While Garrett’s velocity was down from 2019 in the 88-90 range for most of the start, he was able to fool some seasoned big league hitters with his fastball/curveball combination, inducing several wild swings and misses and allowing his only run of the day on a long home run by Alec Bohm, who punished a heater that caught too much plate. With another start open on the calendar, the effort was enough to earn Garrett another turn, which didn’t end up going as well. Facing the Nationals, his control seemed to wander a bit in comparison to his debut, and he was unable to finish the third inning, getting knocked around for four earned runs before his exit. That would be the last we saw of him in 2020, and while the shaky performance against Washington probably wasn’t the way he wanted to go out, it was an encouraging, if brief, debut on the whole, and evidenced Garrett’s hardy makeup.
The 2021 campaign will hopefully offer something resembling a return to normalcy for Garrett and the Marlins, and a less uncertain offseason seems to have done him some good, as he’s been impressing observers both in-house and league-wide with his performance this spring.
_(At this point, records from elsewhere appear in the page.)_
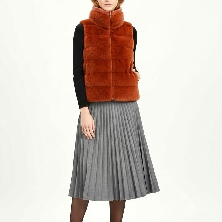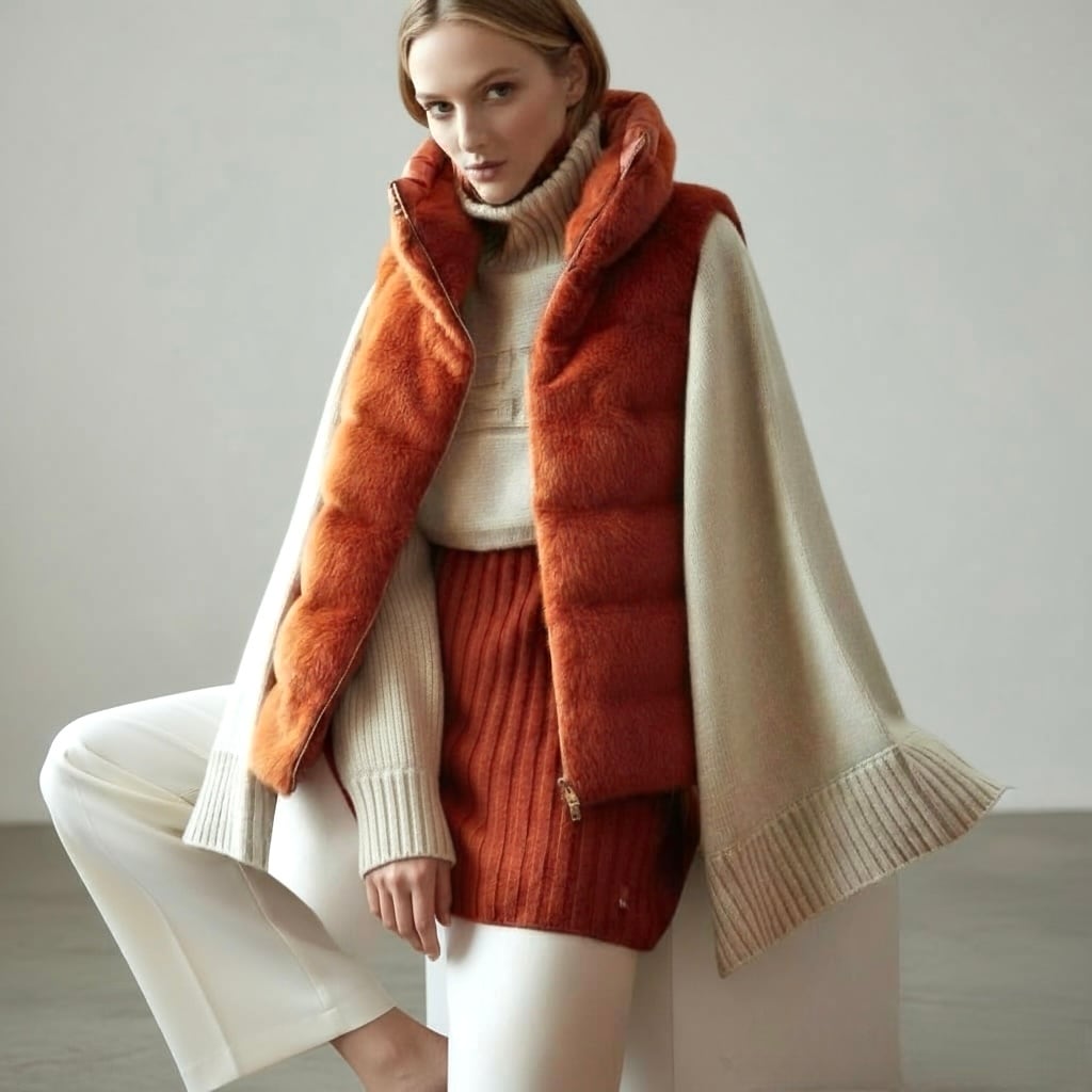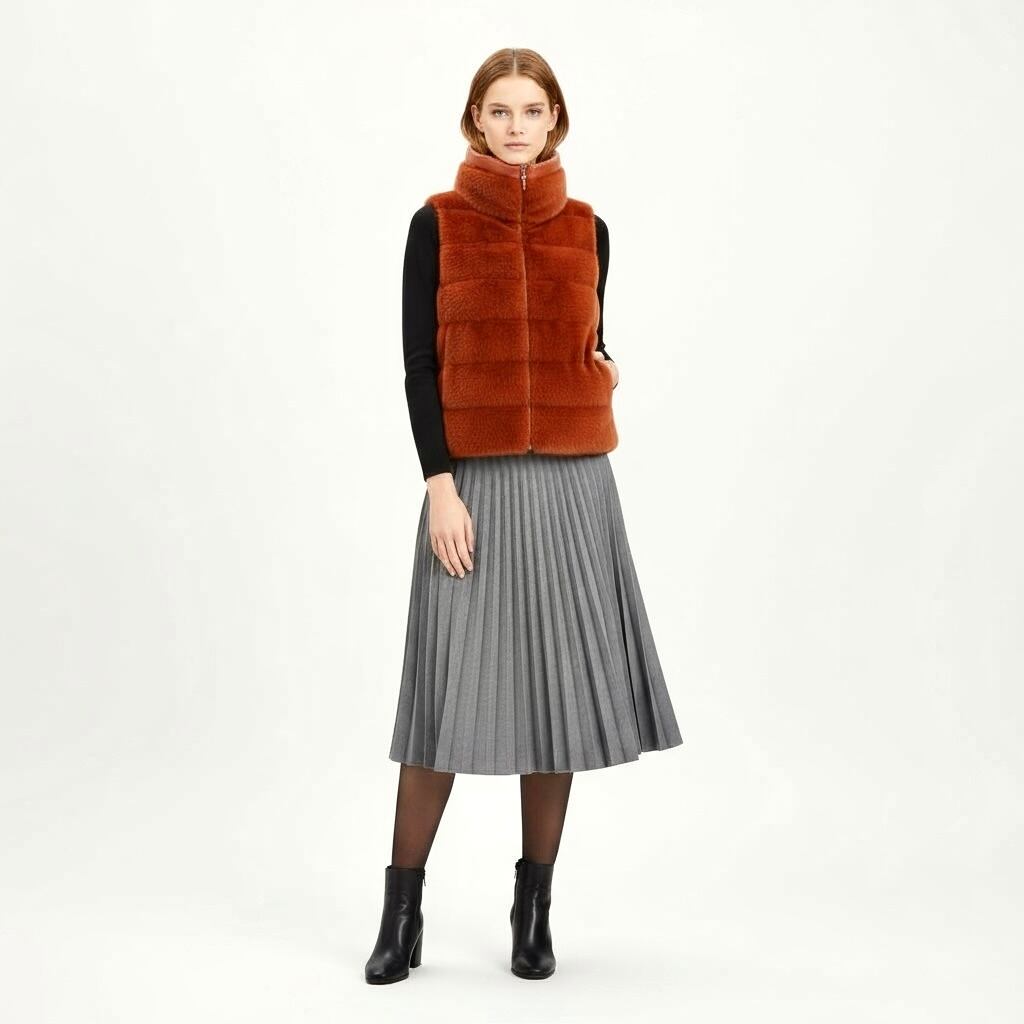 ヌートリアのような贅沢な柔らかさのフェイクファーを使用したベスト。スムースなタッチのショートヘアが特徴です。季節の変わり目のレイヤードスタイルに最適な一着。裏地にはヘルノのアイコン素材であるナイロンウルトラライトを採用し、ヘルノの伝統的なスタイルを最も純粋な形で表現しています。独自の技術で20デニールの日本製ナイロンにダウン80%フェザー20%の中綿を注入し、さらに軽量化を実現。その結果、優れた撥水性とシルクのような滑らかな触り心地を両立しています。 レギュラーフィット ダウンフェザーの中綿入り スタンドカラー サイドにシームポケット ダブルジップで開閉
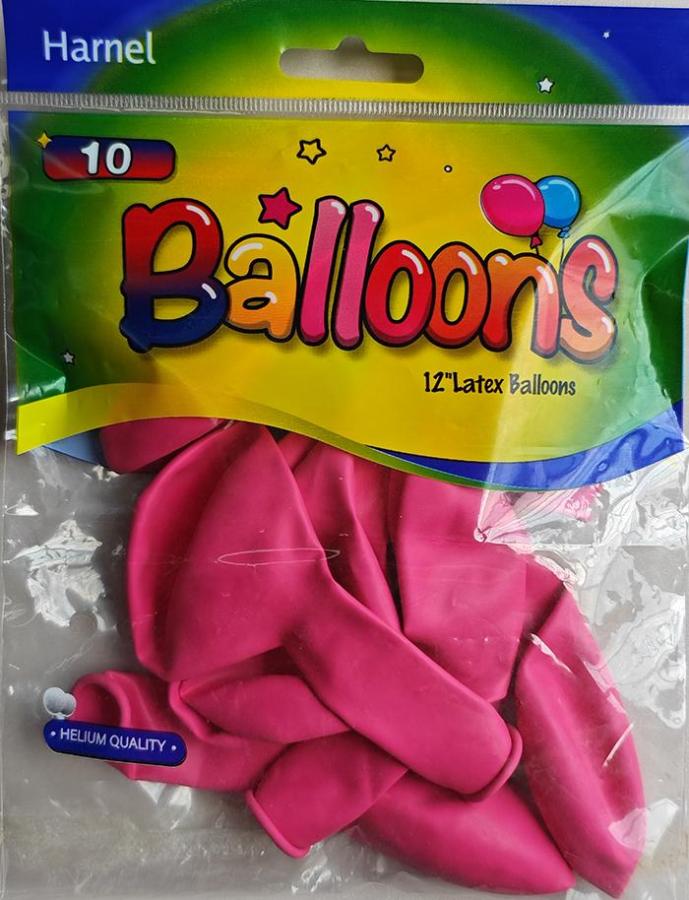 12" Hot Pink latex balloons in a 10 ct. pack.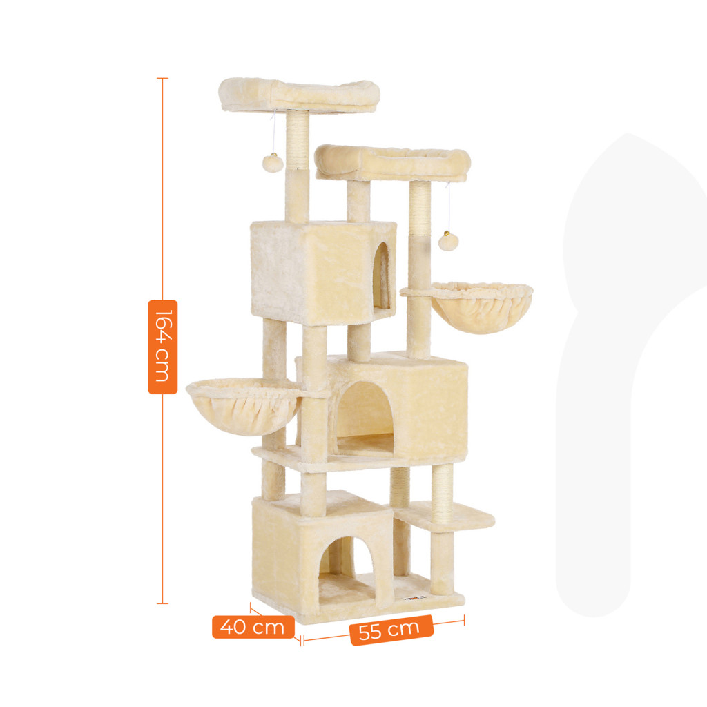 Ez a 164 cm magas macskafa valódi paradicsom a cicák számára, amely egyesíti a játék, pihenés és kalandozás lehetőségeit. A stabil szerkezet három kényelmes barlangot, két puha pihenőkosarat és két párnázott kilátóplatformot kínál, tökéletes menedéket nyújtva akár egy egész macskacsalád számára.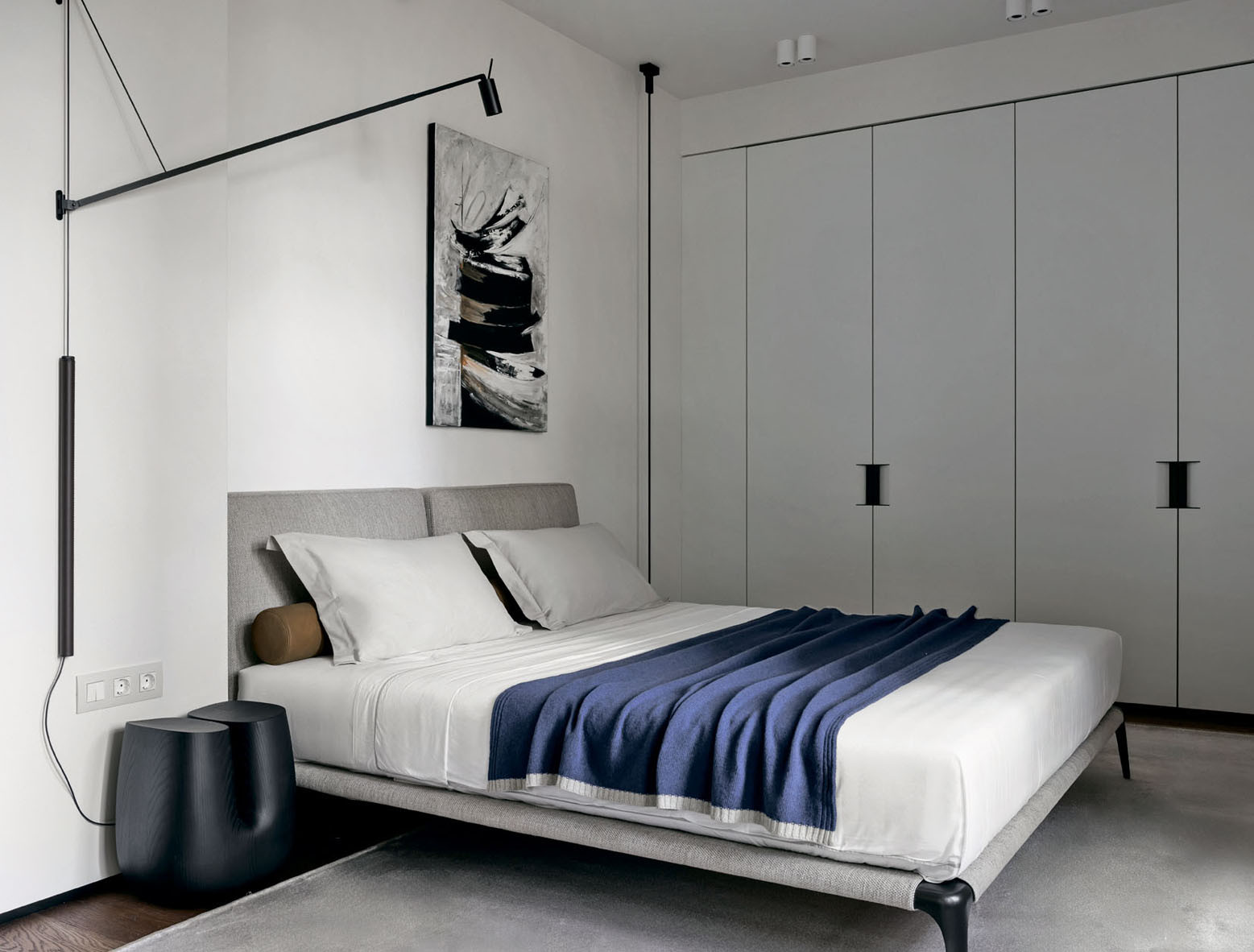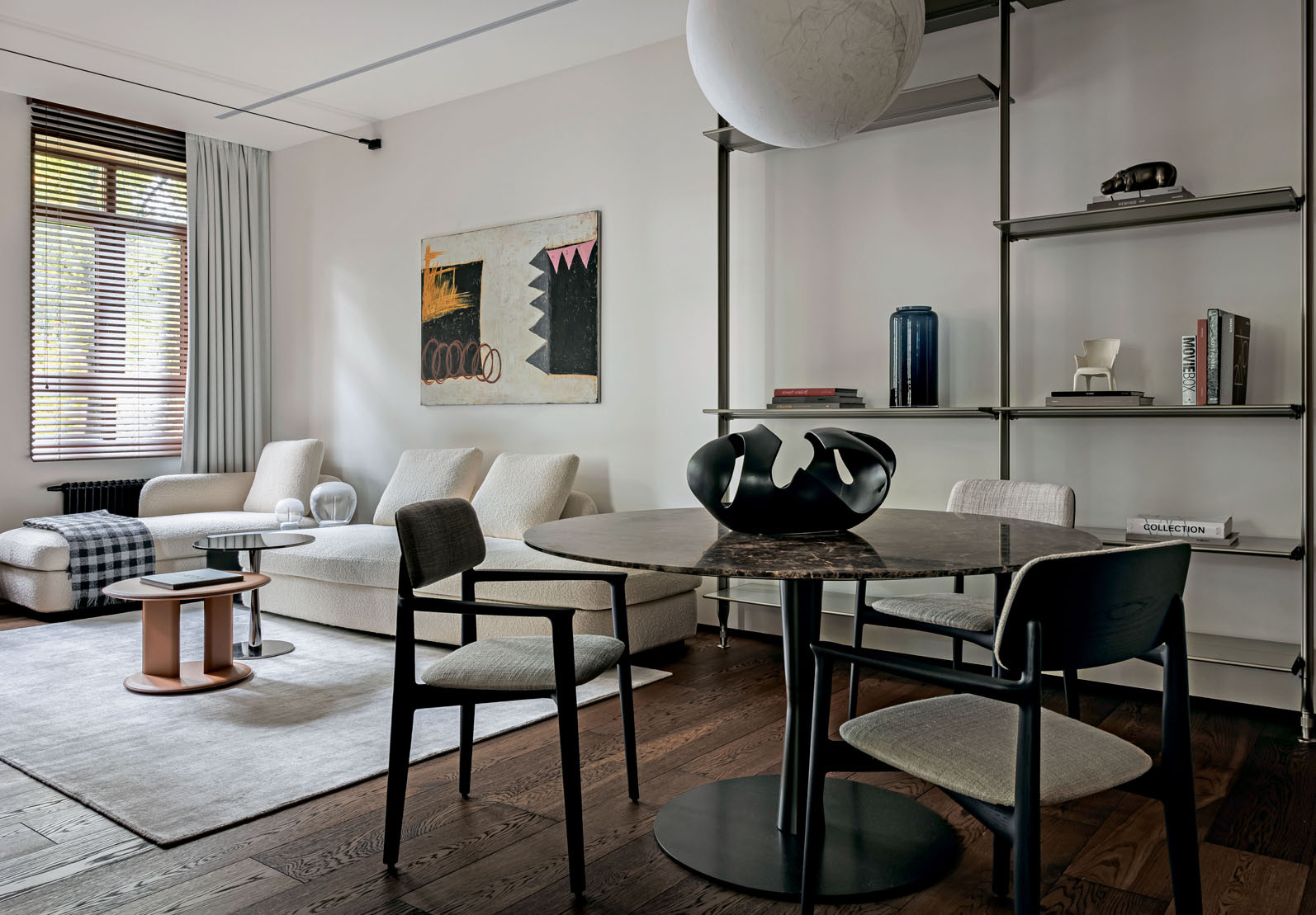 Исходная планировка была переосмыслена с точки зрения эргономики и потребностей домочадцев. Пространство гостиной объединили с кухней, дверные проемы расширили, а за счет площади прихожей организовали удобную хозяйственную комнату. Разбросанные по квартире системы хранения стали более продуманными и сосредоточенными. В основе цветовой гаммы — светлые монохромные стены, создающие ощущение простора и легкости. Им противопоставлены глубокие оттенки, навеянные каштанами за окном. Этот природный акцент проявился в лаконичных панелях из шпонированного американского ореха. Напольное покрытие из инженерной доски обожженного дуба и керамогранит с текстурой травертина в санузлах добавили графичности и тактильной теплоты. Элегантные двери Rimadesio с полотнами из матового стекла подчеркивают чистоту линий. Кухонная мебель, включающая остров, решена в строгой темной гамме. Все оконные проемы также подчеркнуты панелями из темного дуба. Этот насыщенный оттенок объединяет пространства, подчеркивая декор и детали во всей квартире, такие как барная стойка от Poliform из черного вяза на кухне. «Мы долго определялись с расположением кухни, пока не придумали вынести два высоких пенала на границу с гостиной, объединив их материалом с отделкой ТВ-панели. Это создало цельный архитектурный блок и четко обозначило переход между зонами», — дополняет Татьяна. Особую роль играет освещение. Подвесной светильник Moon от Davide Groppi парит над обеденным столом, а световые линии Infinito Endless, расположенные горизонтально и вертикально в гостиной, спальне и санузле, создают эффект бесконечности и работают как самостоятельные арт-объекты. Этот интерьер — индивидуальная история, где монохромная основа и строгость минимализма смягчены теплом натуральных материалов. Пространство, где каждая деталь создает атмосферу спокойной, вневременной роскоши.

In his recent appearances, he has touched as high as 94 with his fastball while sitting comfortably in the 90s, a definite step up from his first taste of the bigs. His changeup has also looked improved, drawing praise from skipper Don Mattingly, and while he’s firmly behind Trevor Rogers in the competition for the #5 starter role, it’s clear that he is establishing himself in the Marlins’ long-term plans.
Mattingly says Braxton Garrett is having a really great spring and with his developing changeup he feels we're gonna see a 4 pitch mix from Brax eventually.— Ethan Budowsky (@ethanbudowsky) March 8, 2021
When camp concludes, the expectation is that Garrett will head out for some upper minors work while he awaits a big league opportunity, and he may well be the first man up whenever the big club finds itself in need of a starter. Though he is now 23 years old, Garrett only has one complete minor league season under his belt, and is still showing improvement with both his velocity and offspeed arsenal. He’s developing a broad repertoire and shows an understanding of how to tunnel it effectively. Those are reasons for optimism that he could be a legitimate mid-rotation arm in Miami behind potential frontliners Sixto Sánchez and Max Meyer.